Home Economy Economic Survey calls for banking, market liberalisation

Economic Survey calls for banking, market liberalisation

By IANS,

New Delhi : The Economic Survey for 2008-09 tabled Thursday has called for banking and financial market reforms, including increasing foreign investment in banks in a phased manner and lifting of ban on commodity futures.

It also called for expediting passage of the Banking Regulations (Amendment) Bill and allowing high net worth individuals to invest directly in capital markets rather than go through the controversial participatory notes route.

The passage of the Banking Regulations (Amendment) Bill will allow greater flexibility to banks in terms of managing liquidity requirements, liberalise investment regulations and allow the Reserve Bank of India greater powers such as right to supersede a bank’s board of directors if it was in public interest.

The survey, in one of its recommendations, advocated allowing high net worth individuals to invest directly in capital markets through authorised Indian investment intermediaries.

This will allow the government to ban the participatory notes (P-notes) route, which has drawn criticism from many quarters as the identity of the P-note holder becomes difficult to ascertain.

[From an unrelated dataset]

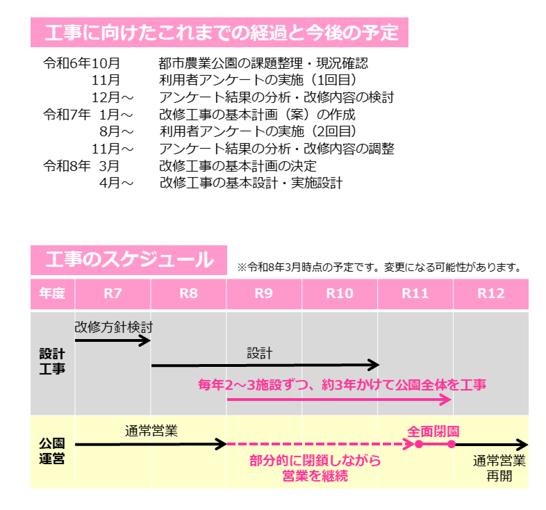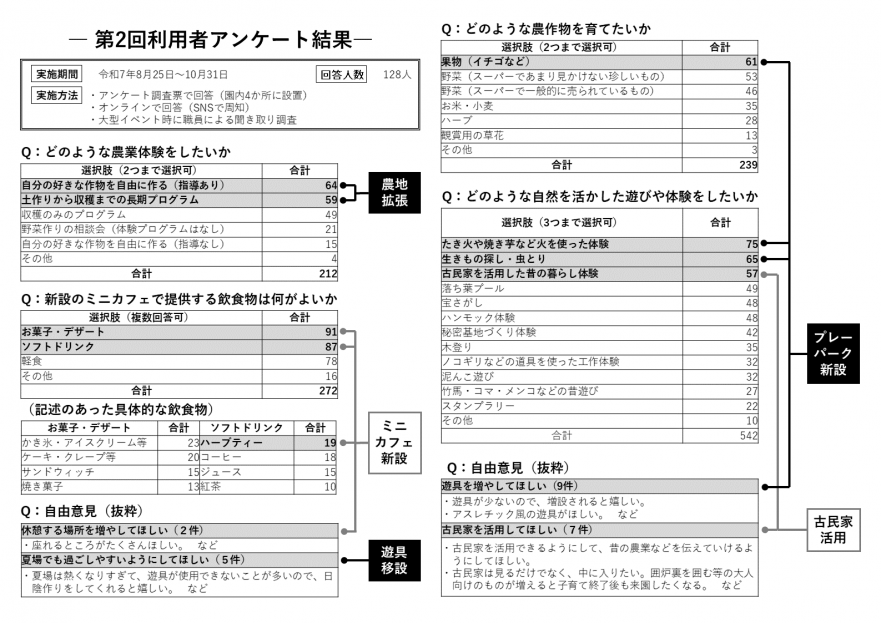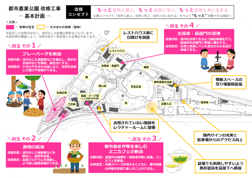 より魅力的な都市農業公園を目指し、第1回利用者アンケート(令和6年11月実施)、第2回利用者アンケート(令和7年8月から10月実施)を基に、改修工事の基本計画を作成しました。

The remaining ban on commodity futures contracts was sought to be removed to restore price discovery and price-risk management. Futures trading in rice, urad and tur has been suspended indefinitely, and that of sugar till Dec 31.

The survey also urged the government to liberalise spot and futures currency markets (exchange traded) in the country.

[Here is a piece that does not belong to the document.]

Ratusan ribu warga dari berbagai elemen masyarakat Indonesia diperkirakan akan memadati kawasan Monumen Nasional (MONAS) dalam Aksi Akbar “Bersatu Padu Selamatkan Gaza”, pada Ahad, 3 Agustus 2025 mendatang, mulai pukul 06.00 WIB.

The survey suggested that all financial market regulations be brought under purview of the market regulator, Securities and Exchanges Board of India (SEBI).

Additionally, it has favoured liberalising of the investment norms of insurance and pension funds and tax incentives to develop the long-term debt markets.

In a move which could have far reaching impact on the Indian corporate debt market, the Economic Survey asked the government to allow repurchase of corporate bonds, thus providing an exit route for investors.